Bila Anda mengunjungi Danau Toba jangan lupa singgah di lokasi wisata menarik satu ini. Huta Siallagan namanya. Terletak di Desa Ambarita, Kecamatan Simanindo, Pulau Samosir. Hanya memakan waktu sekitar 20 menit dari Tuktuk. Huta sendiri berarti kampung, sedangkan Siallagan adalah nama marga penghuni kampung tersebut.
Ojek wisata ini akan selalu ramai dikunjungi para wisatawan asing maupun lokal. Disini anda bisa memakai Ulos dan ikat kepala, serta menari Tor-Tor bersama-sama dengan Patung Si Gale-Gale. Anda cukup memberi sumbangan seikhlasnya.
Luas Huta Siallagan sekitar 2.400 m². Dikelilingi tembok batu tersusun rapi setinggi 1,5 hingga 2 meter. Anda akan kagum saat melihat perkampungan ini dikelilingi batu-batu besar yang disusun bertingkat dengan rapi. Dulunya tembok tersebut dilengkapi bambu dan benteng yang berfungsi untuk menjaga perkampungan dari gangguan binatang buas maupun serangan suku lain.
Perkampungan ini dibangun pada masa raja huta pertama yaitu Raja Laga Siallagan. Keturunan Raja tersebut sampai sekarang masih bermukim di sekitar Desa Ambarita. Beberapa makam keturunannyapun bisa ditemukan di tempat ini.

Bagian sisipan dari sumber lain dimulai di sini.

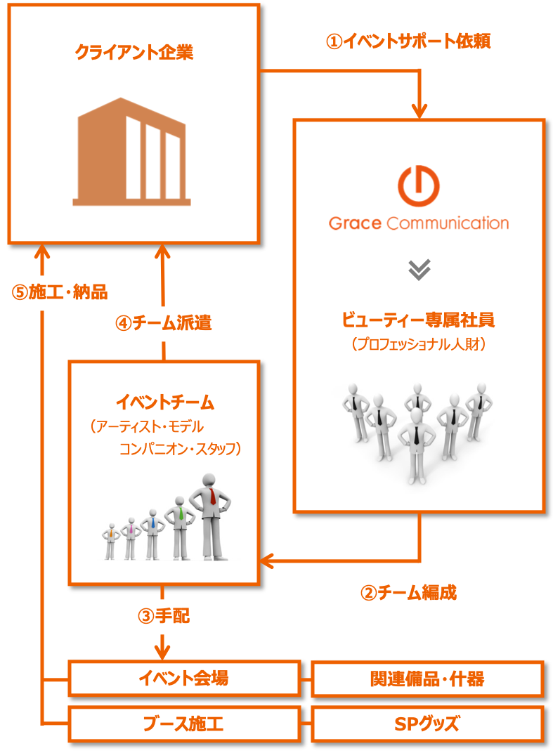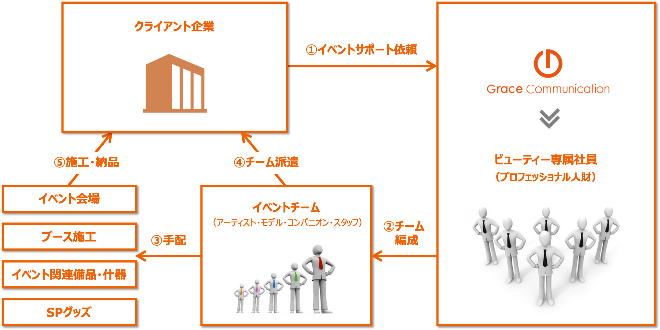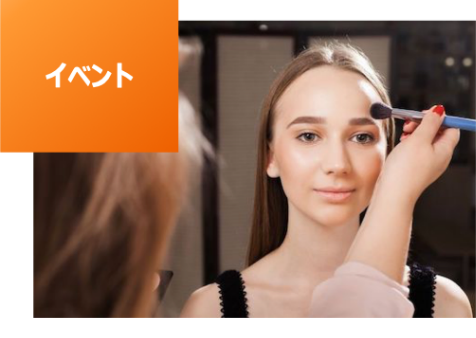 化粧品ブランドのクライアントでは、販売促進を目的としたイベント開催を全面バックアップするケースがあります。ただ人材を派遣するだけでなく、開催目的などを総合的にヒアリングした上で、イベント会場のリサーチ・手配、会場を作り上げる施工会社の段取り、必要となる各種什器や備品・SPグッズなどを当社が一括で受託し、開催に至るまでトータルにサポートいたします。また、イベントの運営においても、プロのメイクアップアーティストや、メイクモデル、コンパニオンなど、会場を盛り上げるスタッフも一括手配し、イベントを通じてクライアントが達成したいゴールに向けて伴走いたします。

Tidak banyak yang berbeda dengan kampung lain di tanah Batak, yaitu terdiri atas deretan Rumah Bolon dan Sopo. Anda akan melihat 8 unit rumah batak berumur ratusan tahun yang memiliki fungsi yang berbeda. Ada yang digunakan sebagai rumah raja dan keluarga, ada juga sebagai tempat pemasungan.
Batu Parsidangan
Yang unik disini adalah adanya Batu Parsidangan. Fungsinya untuk mengadili penjahat atau pelanggar hukum adat (kasus pembunuhan, pemerkosaan, dan lainnya) atau juga untuk musuh politik dari sang raja. Menggunakan kalender Batak untuk mencari hari baik menggelar sidang bersama para tetua adat. Para tetua adat akan memberikan usul jenis hukuman yang akan diberikan sesuai derajat kesalahannya. Raja Siallagan kemudian akan menetapkannya hukumannya. Sebelum diadili terdakwa akan dipasung terlebih dahulu.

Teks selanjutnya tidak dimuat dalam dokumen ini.